### Work required
The whole listing should come back exactly as written, except for the pictures.

### Information provided
-=-=-
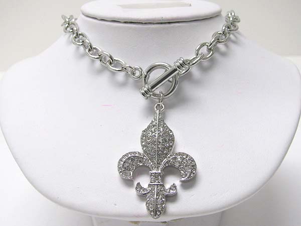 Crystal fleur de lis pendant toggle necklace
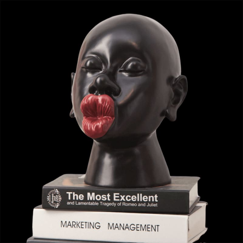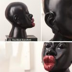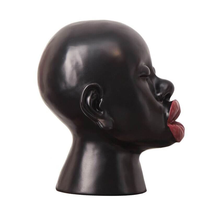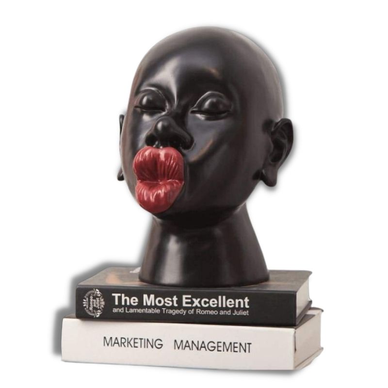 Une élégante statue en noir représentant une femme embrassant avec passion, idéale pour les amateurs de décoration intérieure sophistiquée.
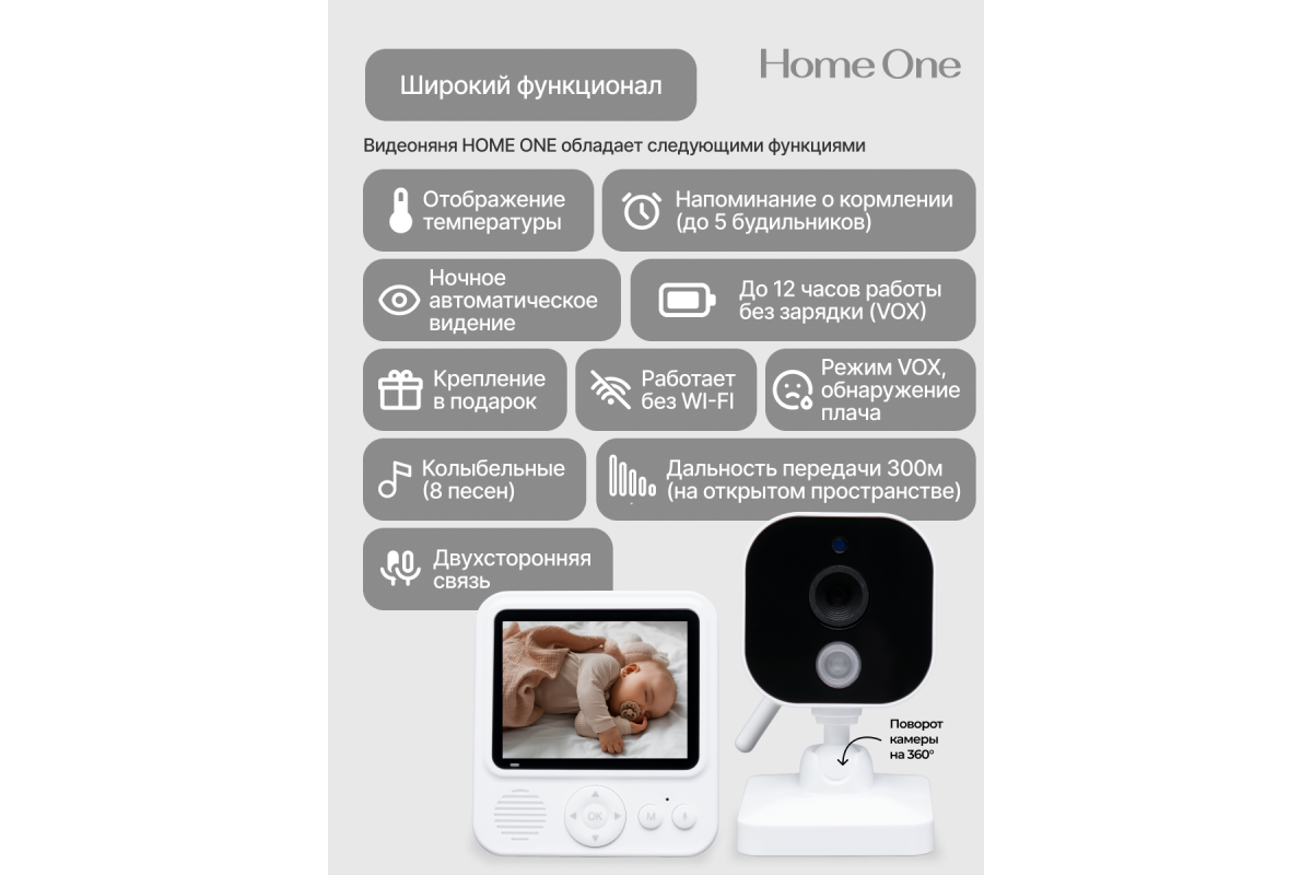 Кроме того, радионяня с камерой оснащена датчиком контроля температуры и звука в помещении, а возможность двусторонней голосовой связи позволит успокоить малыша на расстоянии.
-=-=-
### Result
 Crystal fleur de lis pendant toggle necklace
 Une élégante statue en noir représentant une femme embrassant avec passion, idéale pour les amateurs de décoration intérieure sophistiquée.
 Кроме того, радионяня с камерой оснащена датчиком контроля температуры и звука в помещении, а возможность двусторонней голосовой связи позволит успокоить малыша на расстоянии.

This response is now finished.